So does that mean Tom Menino is vastly underpaid? I don’t think so. I don’t believe you can make population and budget size the common denominator when hiring an administrator.
http://www.boston.com/news/local/massachusetts/articles/2006/05/04/council_oks_big_raises_for_itself_mayor/
http://www.infoplease.com/ipa/A0763098.html
June 4th, 2007 at 11:28 pm
I would say yes, the Mayor of Boston is vastly underpaid.
If we think of city govt. as a business as so many of us would like for it to be managed, try and think of another billion dollar corporation that has CEO with a salary of $175K?
June 4th, 2007 at 11:52 pm
So you would have the CEO of Lowell make the same pay ratio between CEO and rank and file worker as well? According to one source (I’m not spending a lot of time looking) that ratio was 411 to 1 in 2005. So, do the calculation, what is Bernie worth if we base it on him being a CEO of a corporation instead of running a city?
BTW, corporations are responsible for earning shareholders money, so how would you structure the city so that we taxpayers, the shareholders, get annual dividends instead of having to pay taxes?

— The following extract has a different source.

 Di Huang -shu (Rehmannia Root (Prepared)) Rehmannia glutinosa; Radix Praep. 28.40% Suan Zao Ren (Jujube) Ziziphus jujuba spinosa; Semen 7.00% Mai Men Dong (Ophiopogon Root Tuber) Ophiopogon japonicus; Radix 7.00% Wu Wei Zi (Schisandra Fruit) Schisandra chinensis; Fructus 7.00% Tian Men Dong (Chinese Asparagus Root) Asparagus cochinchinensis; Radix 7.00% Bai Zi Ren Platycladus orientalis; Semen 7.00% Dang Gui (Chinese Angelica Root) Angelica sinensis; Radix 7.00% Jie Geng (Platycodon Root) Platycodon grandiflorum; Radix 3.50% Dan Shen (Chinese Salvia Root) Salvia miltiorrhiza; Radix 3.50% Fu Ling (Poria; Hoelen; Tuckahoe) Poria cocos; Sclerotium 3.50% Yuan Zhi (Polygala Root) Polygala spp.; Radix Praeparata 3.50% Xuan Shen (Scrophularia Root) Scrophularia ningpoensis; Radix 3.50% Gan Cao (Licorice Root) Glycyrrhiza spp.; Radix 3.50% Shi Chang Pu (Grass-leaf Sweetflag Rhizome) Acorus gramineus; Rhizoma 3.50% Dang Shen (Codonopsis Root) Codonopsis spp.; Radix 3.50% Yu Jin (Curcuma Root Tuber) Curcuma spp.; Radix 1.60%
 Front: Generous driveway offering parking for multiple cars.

It’s a foolish argument to base pay on what someone else is making, you pay for performance and results, not because someone else is making more.
June 5th, 2007 at 7:27 am
It’s also foolish to expect the head of a billion dollar organization to make 175,000 bucks.
June 5th, 2007 at 9:14 am
But then the Governor’s salary is $160K, and that is a $27B organization. So, working back from that, the Lowell CM job is worth about $1,800 a year!
June 5th, 2007 at 7:27 pm
As I said, base a salary on performance and results, not because someone else is making more. Bernie is well compensated.
Using the 411 to 1 CEO to worker pay ratio, and assuming the average rank and file public sector employee in Lowell earns $30K, Bernie should be paid over $12-Million a year.

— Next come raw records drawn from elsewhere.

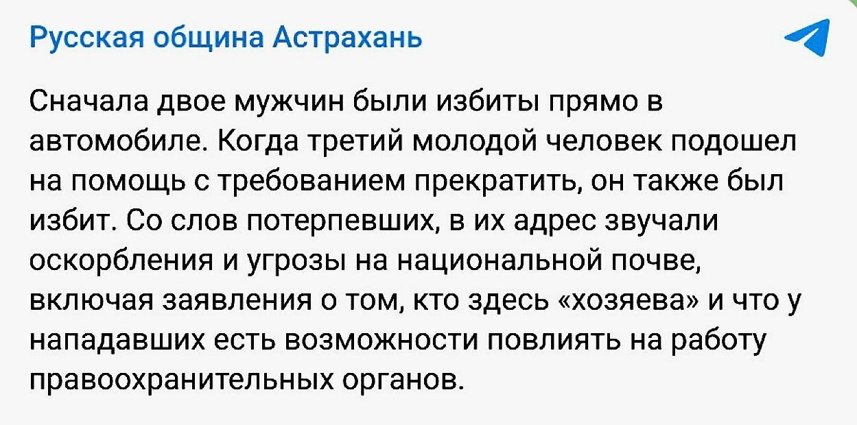 Вот как рассказал об инциденте телеграм-канал «Русская община Астрахань»:
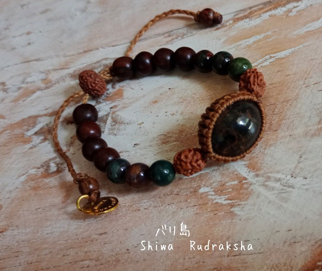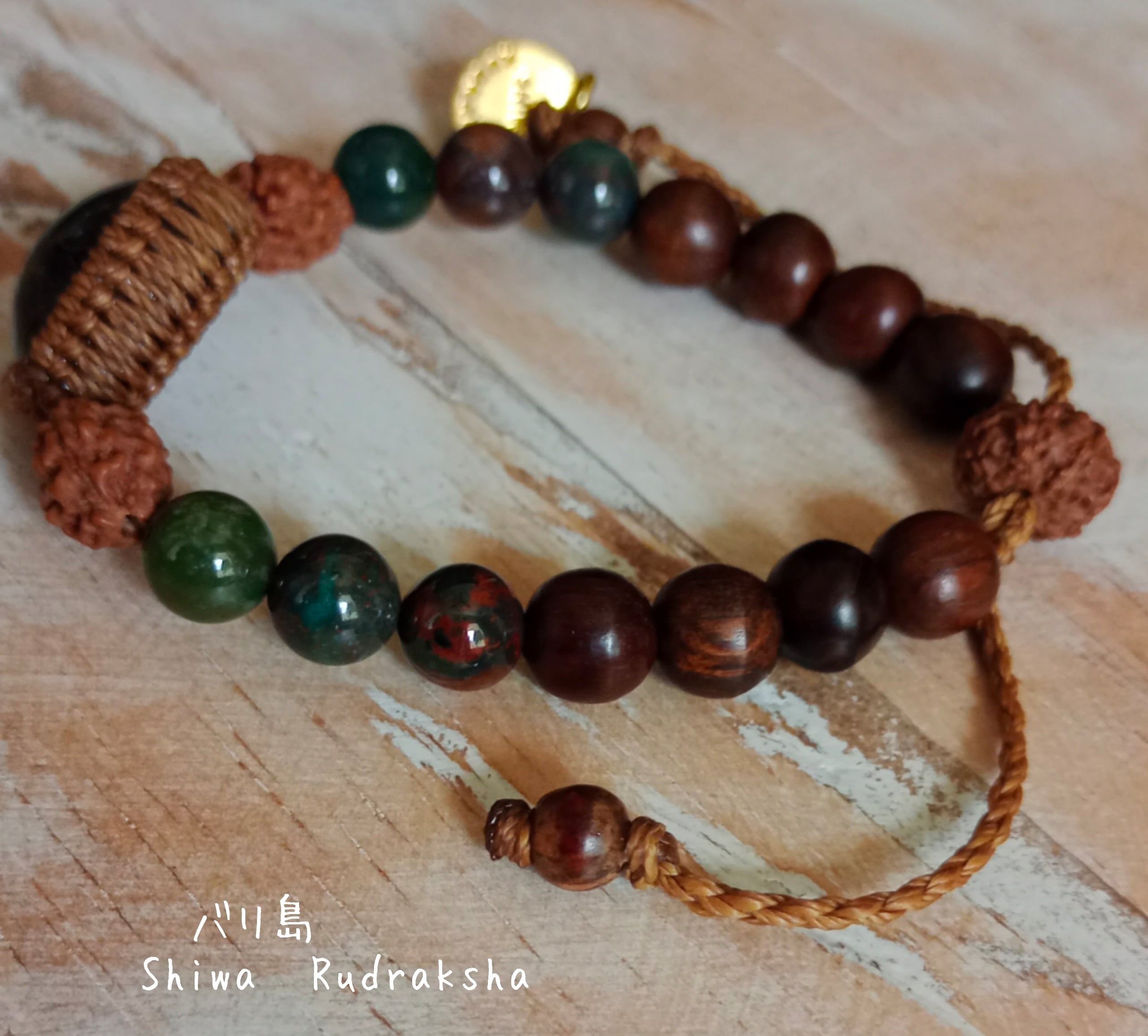★ルドラクシャ3面(約縦11mm) ・ルドラクシャ8面(約11mm)・ブラッドストーン(約8mm)・カリマンタン産ガハル(沈香)ウッドビーズ(約9mm)・プラキストーン(約24mm×約18mm)
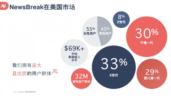 目前,NewsBreak 已整合 2000 余家全美顶级出版商资源,服务覆盖全美两万余个城市,用户群体中 60% 以上为 27-58 岁的主流消费人群,其中女性用户占比达 55%,这一高净值、高消费潜力的用户画像,为品牌广告主提供了精准触达目标客群的优质土壤。

This city, any city, is not a company. While it’s executive officer can approach it with a professional businesslike attitude, a city is not and should not be run as a corporation and to try to link the two is not realistic. It makes for a nice bumper sticker, but it is not realistic.
What I would really like to see changed is the automatic pay raises in the form of the silly ordinance that requires a formal annual evaluation that links a favorable review to a pay raise.
If I recall, one of the big beefs the Cox crowd had with the CC is that councilors had given him a favorable formal review and payraise that went with it just a few months before forcing him out.